Majorana modes in a triple-terminal Josephson junction with embedded parallel-coupled double quantum dots

TL;DR

This paper explores the Josephson effect in a triple-terminal junction with double quantum dots, revealing robust 4π-period oscillations and proposing a feasible way to realize Majorana modes in a nonmagnetic system.

Contribution

It introduces a novel setup for observing Majorana modes using a triple-terminal Josephson junction with embedded double quantum dots, independent of fermion parity and Coulomb interactions.

Findings

Supercurrent oscillates with 4π period under phase adjustments.
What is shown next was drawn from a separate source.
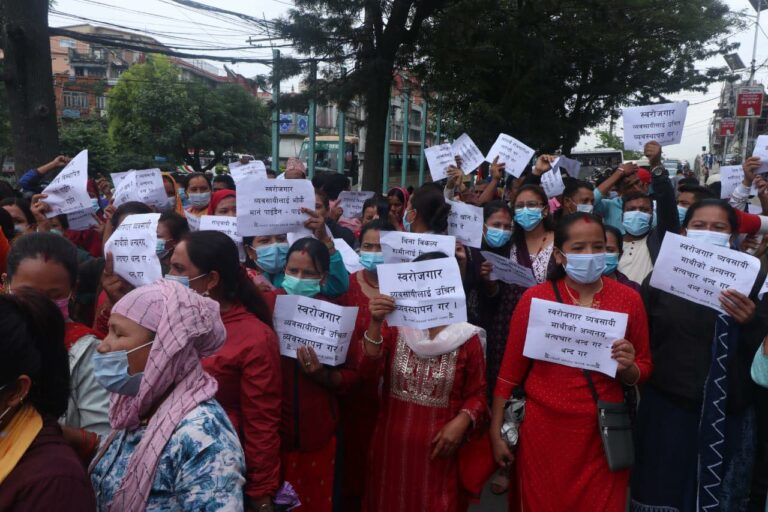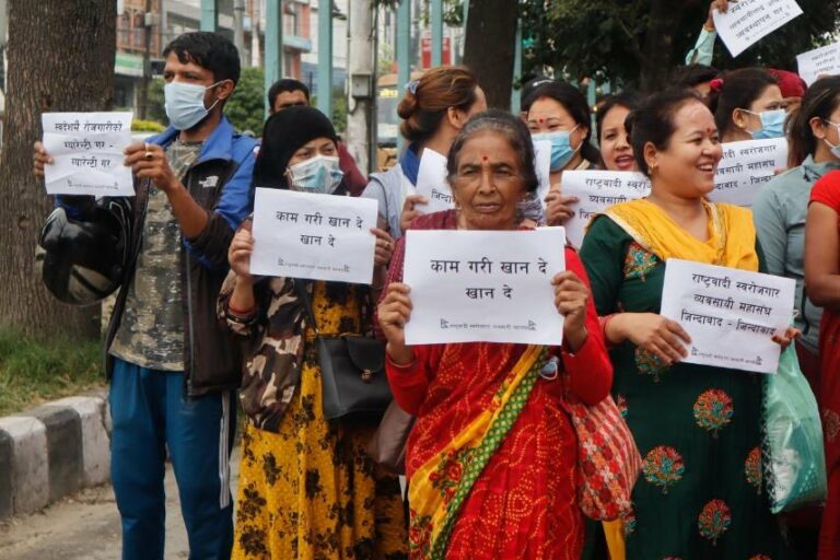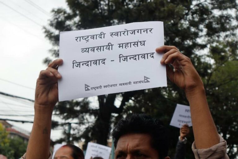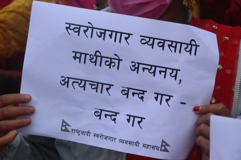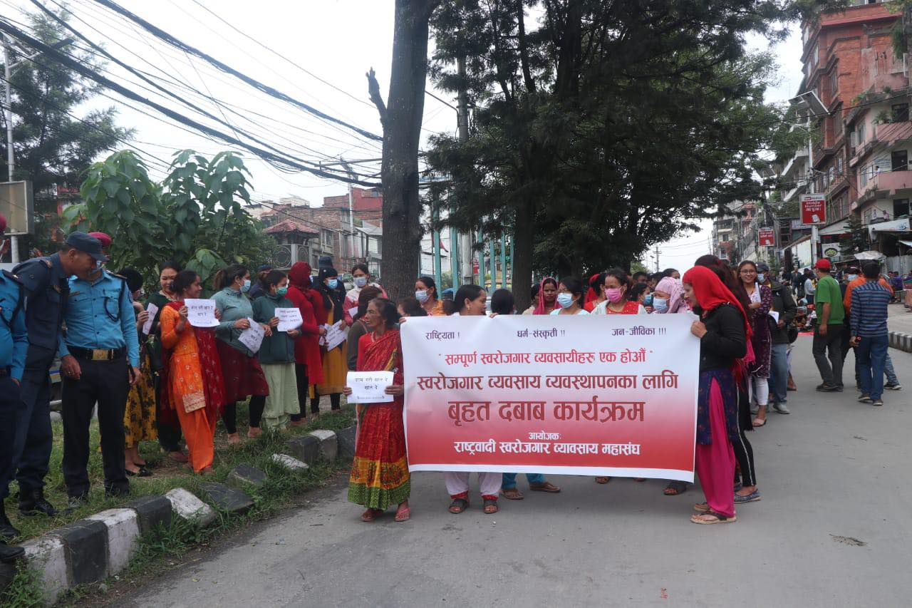 काठमाडौं । काठमाडौंमा फुटपाथमा व्यापार गर्न पाउनुपर्ने माग गर्दै प्रदर्शन भएको छ । राष्ट्रिय स्वरोजगार व्यवसायीको अगुवाइमा फुटपाथ व्यापारीहरुले शुक्रबार प्रदर्शन गरेका हुन् ।

Majorana modes are analytically defined via superpositions of electron and hole operators.

The results are robust against various system parameters.

Abstract

We investigate the Josephson effect in one triple-terminal junction with embedded parallel-coupled double quantum dots. It is found that the inter-superconductor supercurrent has opportunities to oscillate in $4\pi$ period, with the adjustment of the phase differences among the superconductors. What is notable is that such a result is robust and independent of fermion parities, intradot Coulomb strength, and the dot-superconductor coupling manner. By introducing the concept of spinful many-particle Majorana modes, we present the analytical definition of the Majorana operator via superposing electron and hole operators. It can be believed that this work provide a simple but feasible proposal for the realization of Majorana modes in a nonmagnetic system.